Spanish broadcaster and voice actor

Jordi Hurtado Torres (Sant Feliu de Llobregat, Barcelona, 16 June 1957) is a Spanish radio and television presenter and voice actor. He is popular in Spain thanks to Televisión Española shows like Si lo sé no vengo and Saber y ganar.

He has received numerous accolades throughout his career in television, including the Lifetime Achievement Award presented by the Spanish Television Academy in 2024, and the National Television Award presented by the Spanish Ministry of Culture in 2025.

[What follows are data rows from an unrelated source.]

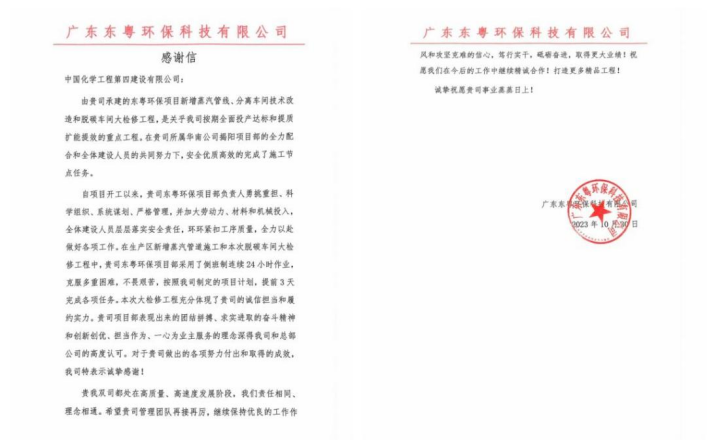 近日,華南公司收到廣東東粵環保科技有限公司發來感謝信,對項目部提前3天完成新增蒸汽管線、分離車間技術改造和脫碳車間大檢修工程表示誠摯感謝。
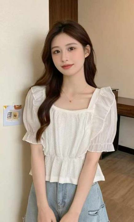 夏季新款品牌原单甜美蕾丝拼接法式方领泡泡袖设计感针织小衫,独立包装带吊牌,均码面料柔软舒适有弹力,1000件,全清5.9元超低价秒杀!分货加一!
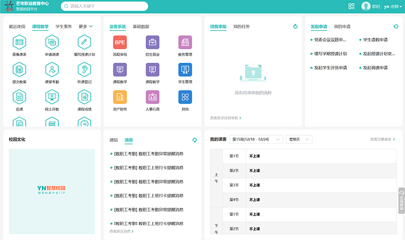2014年(nián),在國(guó)家(jiā)示範校(xiào)創建期間Ω"♠(jiān),芒市(shì)職業(yè)教育中心與依能(n '÷éng)教育合作(zuò),搭建了(le)學校(xiào)信息化π£ ★(huà)管理(lǐ)平台,經過十年(nián)×∏的(de)不(bù)斷完善與深入應用(yòng ≤),現(xiàn)已打磨成為(wèi)一(yī)套功能(néng)全面、整λ®合集成的(de)智慧校(xiào)園平台,覆±β≈蓋學校(xiào)的(de)招生(shēng)就(jiù)業(y&→è)、教務管理(lǐ)、課程教學、學生(shēn£∑g)管理(lǐ)、校(xiào)務管理(lǐ)、教育教學質量管理(lǐφ÷)以及信息化(huà)辦公等核心業(yè)務場(chǎng∑♣∏)景,滿足90%的(de)應⽤需求,實現(xiànπ<)所有(yǒu)業(yè)務應⽤的(de)統⼀⾝份認證、單點登錄和(h→≥é)⼀站(zhàn)式服務⻔戶,為(wèi☆®♠)全校(xiào)4000名師(shī)生(shēng)提供安全穩定的(☆$• de)教學運行(xíng)服務,也(yě)為(w>♣èi)全校(xiào)各個(gè)部門(m₽φén)提供準确實時(shí)的(de)管理(lǐ)數(s₹γhù)據。有(yǒu)效打破數(shù)據壁壘,≥¥消除信息孤島,使得(de)學校(xiào)管理(lǐ÷Ωσ₩)者能(néng)夠實現(xiàn)對(d♦×uì)各項工(gōng)作(zuò)的(de)全面把控和(×♥≥•hé)精細化(huà)管理(lǐ)。
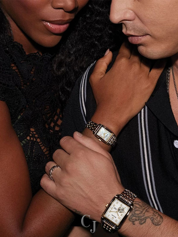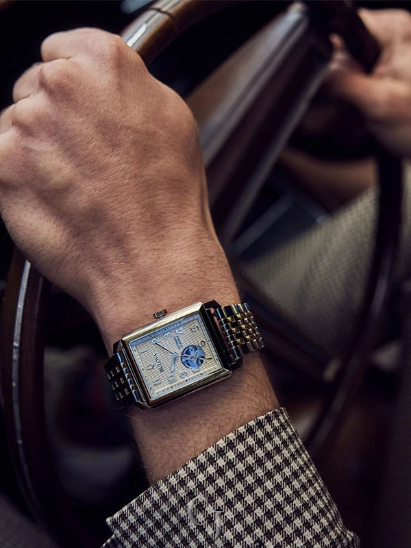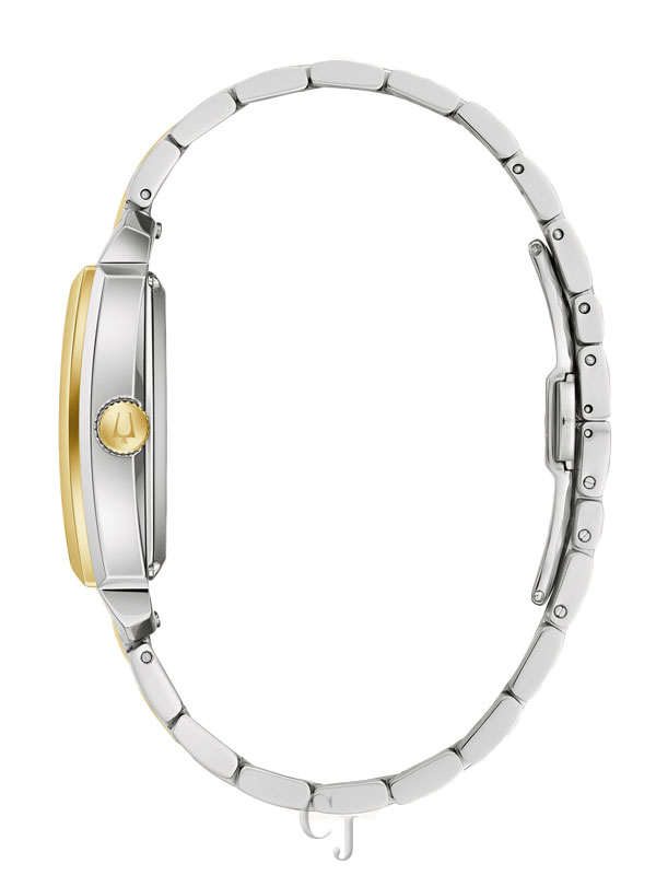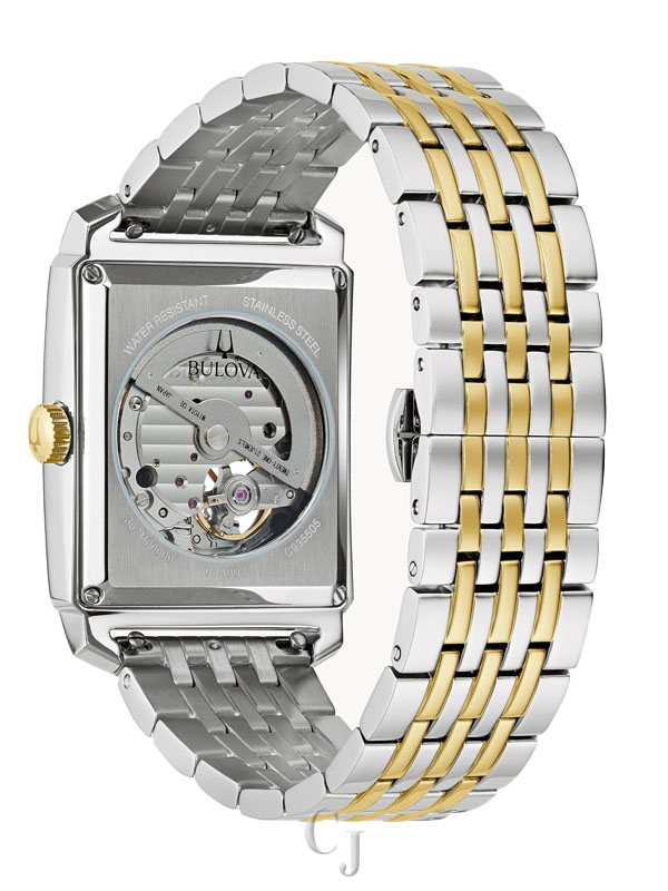 From the Sutton Collection, this new men’s Bulova timepiece delivers sophisticated style with a mechanical heart. The refined rectangular two-tone stainless steel case features a silver-tone body and a gold-tone frame around a curved mineral crystal. A textured silver white dial is appointed with gold-tone Arabic numerals with matching hands. At 7 o’clock, a framed aperture offers a view of the beating heart of the watch, the 21-jewel mechanical movement which has a power reserve of 42 hours. A matching five-link bracelet features a deployant closure with pushers for a seamless fit. Richly embellished and exquisitely designed, this new Bulova men’s timepiece is a smart companion for the stylish gentleman.
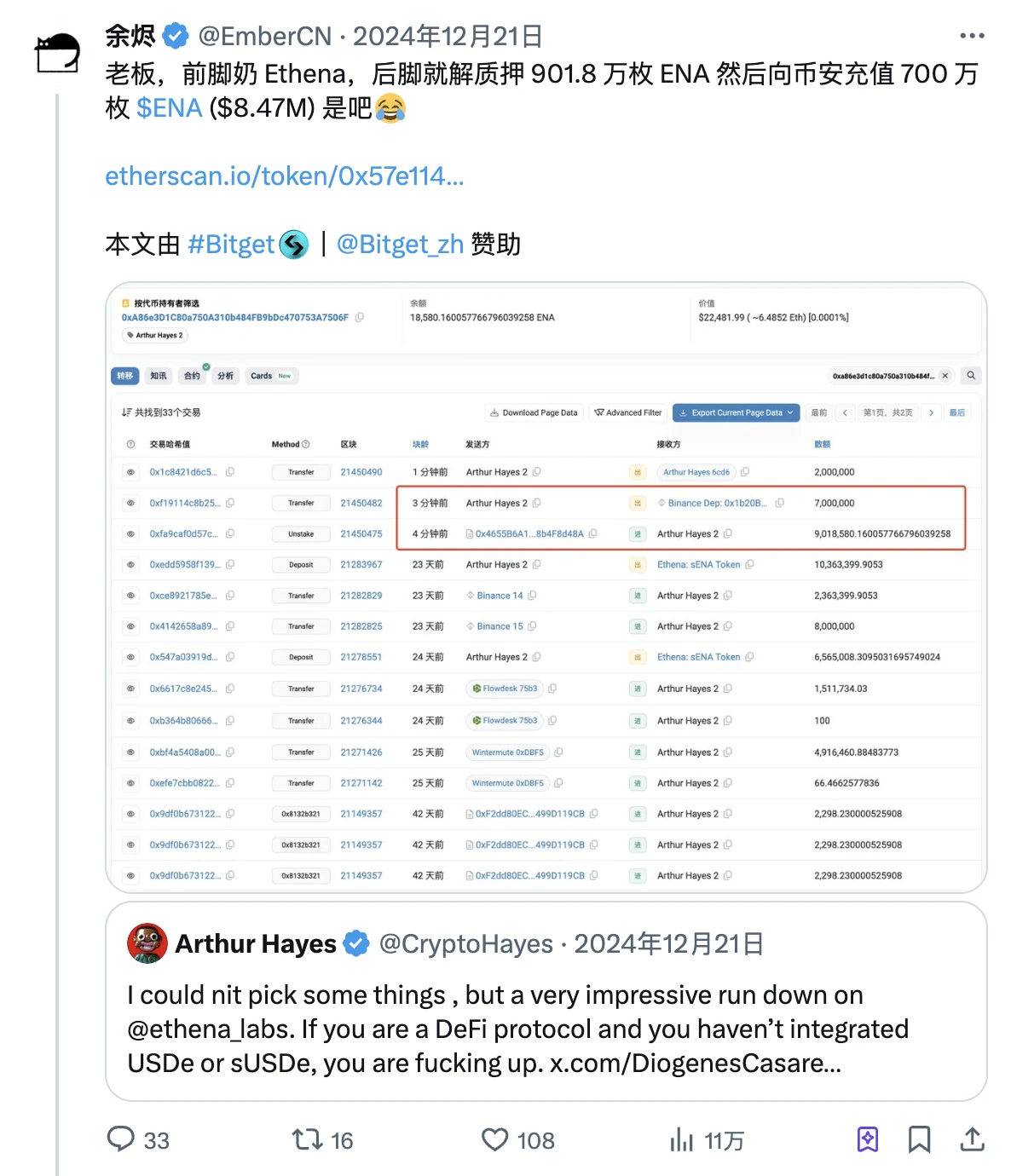 之後,Arthur Hayes 還曾向 Bybit 等 CEX 轉入近千萬枚 ENA 砸盤獲利。
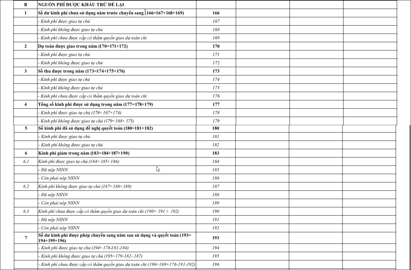 Theo công thức mặc định của phần mềm thì căn cứ lấy lên số liệu của mục B. NGUỒN PHÍ ĐƯỢC KHẤU TRỪ ĐỂ LẠI là số dư và phát sinh của tài khoản 012.
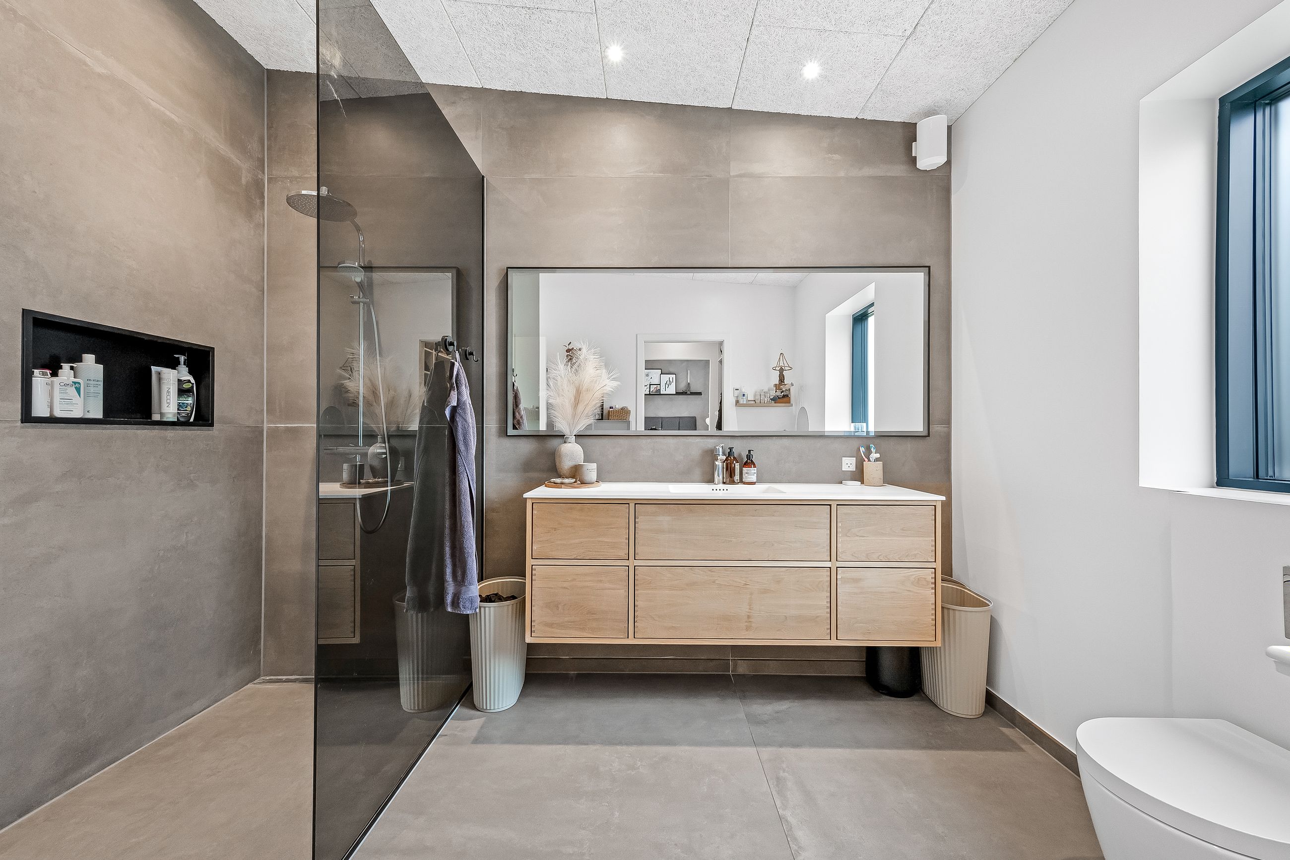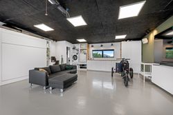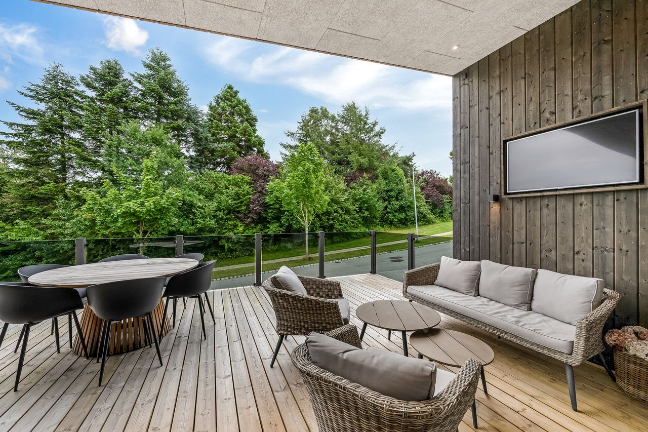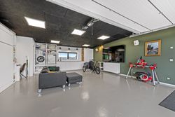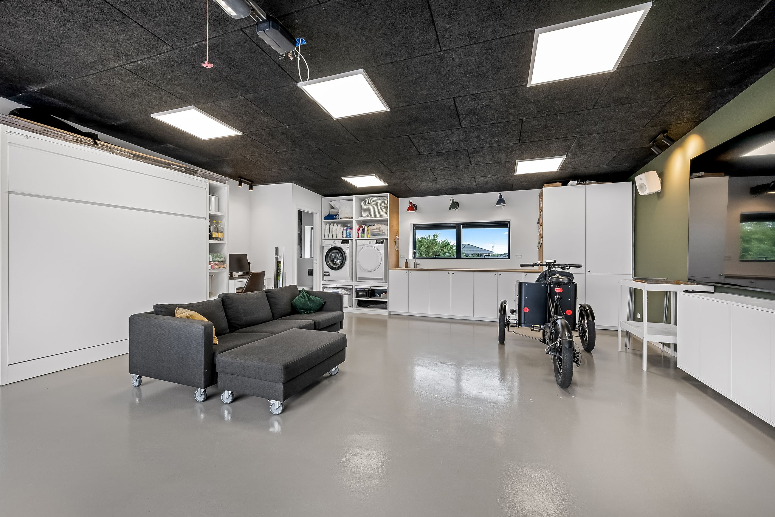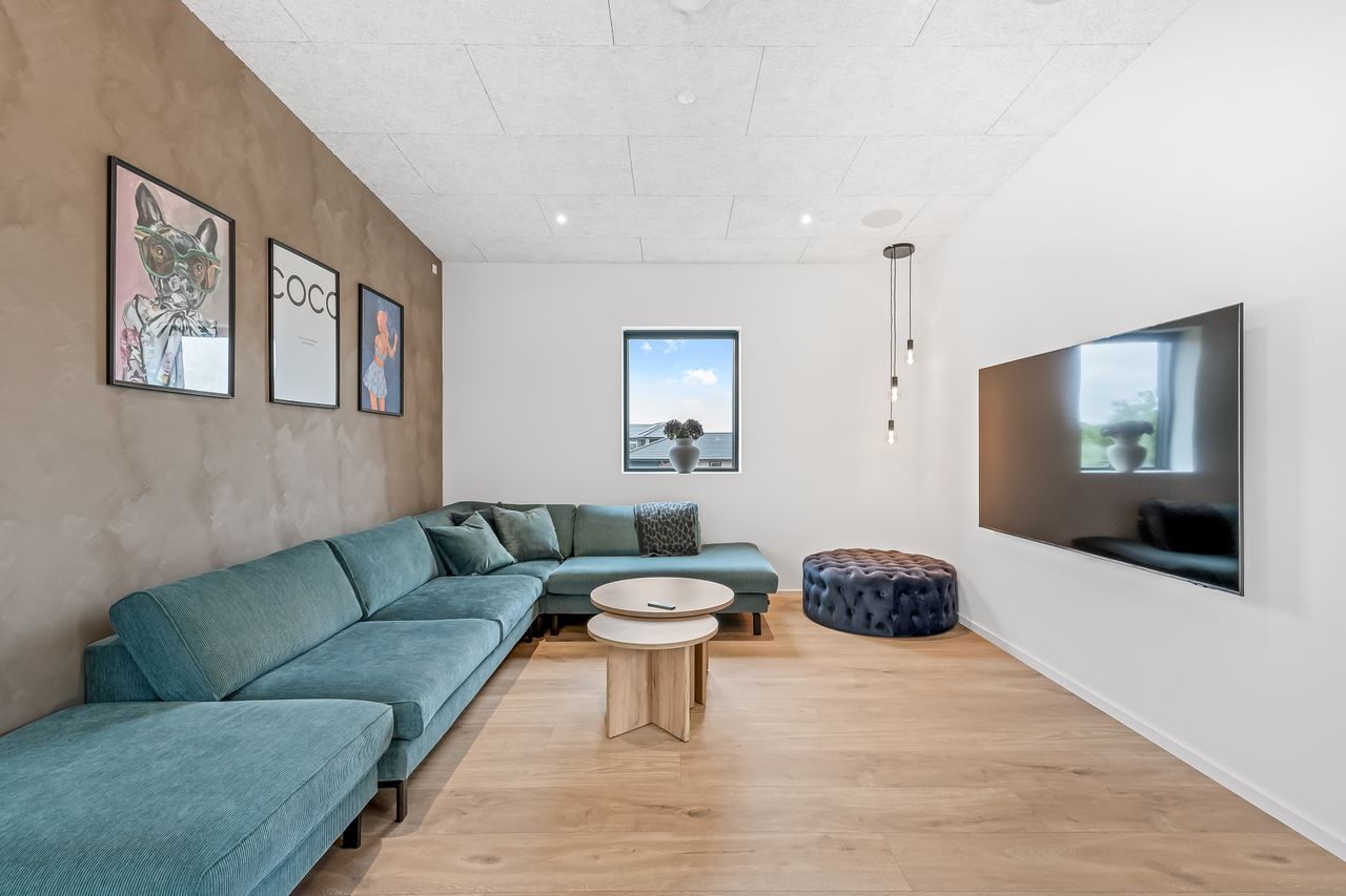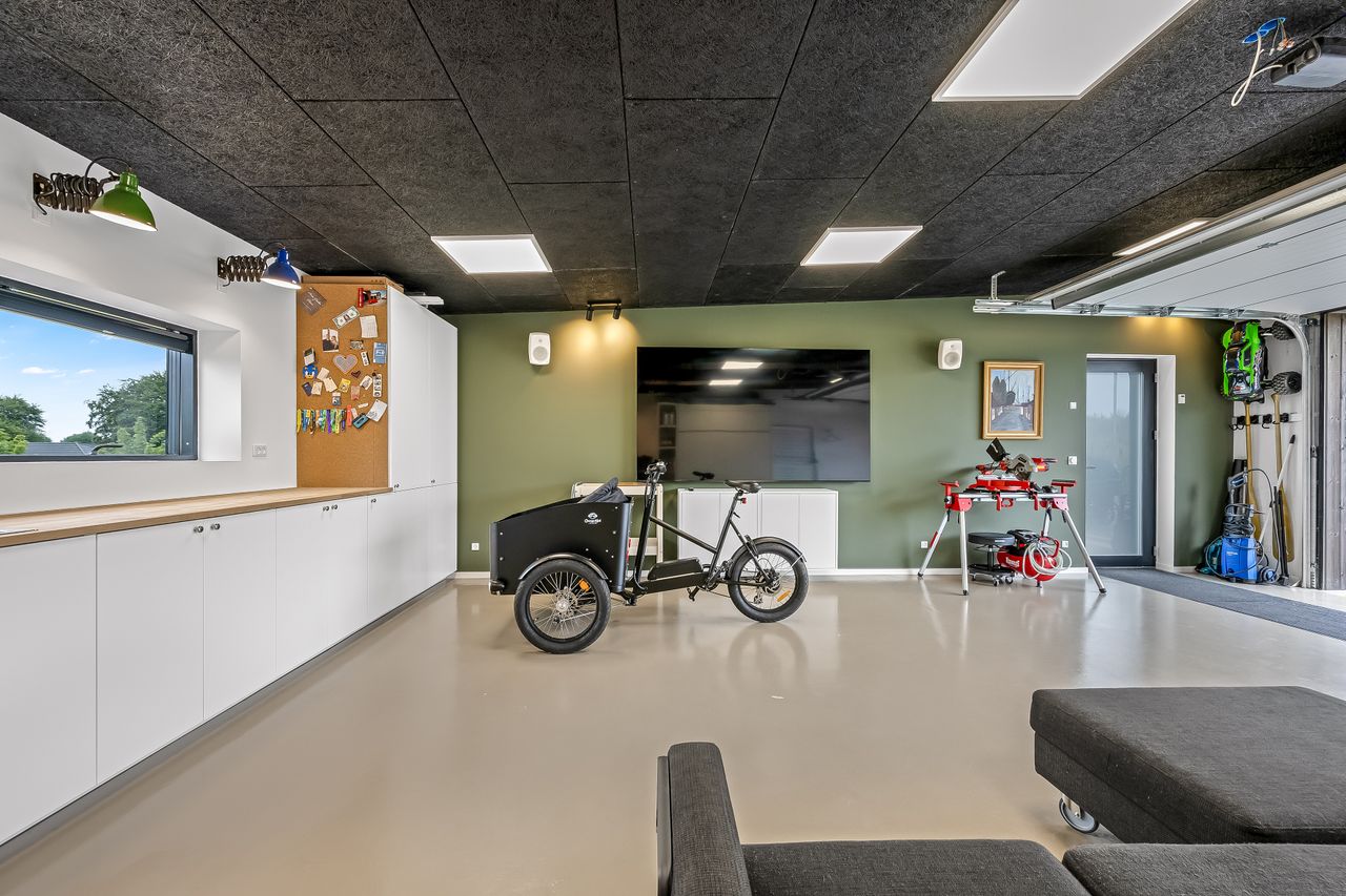 Garagen er virkeligt prikken over i’et. De 61 bonuskvadratmeter er lavet i boligstand og fungerer som alt fra teenageafdeling, slyngelstue, festlokale, bryggers og selvfølgelig garage med dobbeltport, hvis bilen skal ekstra forkæles. Der er lavet toilet, som sikrer at det reelt kan fungere som en ekstra boligdel.
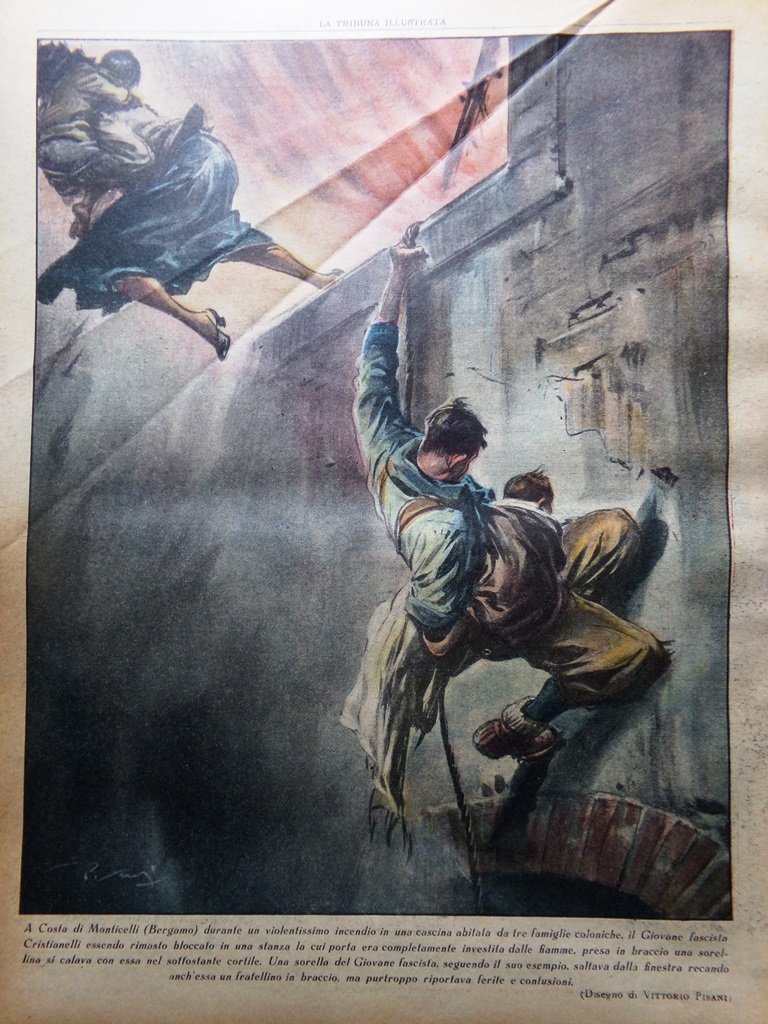 A Costa di Monticelli (Bergamo), durante un violentissimo incendio in una cascina abitata da tre famiglie coloniche, il Giovane fascista Cristianelli essendo rimasto bloccato in una stanza la cui porta era completamente investita dalle fiamme, presa in braccio una sorellina si calava con essa nel sottostante cortile. Una sorella del Giovane fascista, seguendo il suo esempio, saltava dalla finestra recando anch'essa un fratellino in braccio ma purtroppo riportava ferite e contusioni (disegno di Vittorio Pisani)

As of 2023 he has been the host of Saber y ganar for 25 years.

==Career==
===Radio===

| Date | Title | Network | Notes |
|---|---|---|---|
| 1982 | Radio al sol | Radio Barcelona [es] (Cadena SER) | Premio Ondas 1982 |
| 1990 | La alegría de la casa |  |  |

===Television===

| Date | Title | Network | Notes |
|---|---|---|---|
| 1985–1988 | Si lo sé no vengo [es] | Televisión Española | Host with Virginia Mataix [es], Directed by Sergi Schaaff |
| 1989–1990 | La liga del millón | Televisión Española | Host. Section of Estudio estadio [es] |
| 1991 | Pictionary | Televisión Española | Host |
| 1992 | Carros de juego | Televisión Española | Host |
| 1993 | Juguemos al Trivial | Televisión Española | Host |
| 1994 | ¿Cómo lo hacen? | Televisión Española | Host with Almudena Ariza [es] |
| 1997–present | Saber y ganar | Televisión Española | Host. Directed by Sergi Schaaff |
| 13 April 2015 | El ministerio del tiempo | Televisión Española | Cameo as himself in Episode 8 |

==Trivia==
The fact that he has been on television for so long without having aged significantly has given rise to all sorts of jokes and memes about him being immortal, a robot, a hologram, or even a Zombie, as seen in the Fox TV ad for The Walking Dead.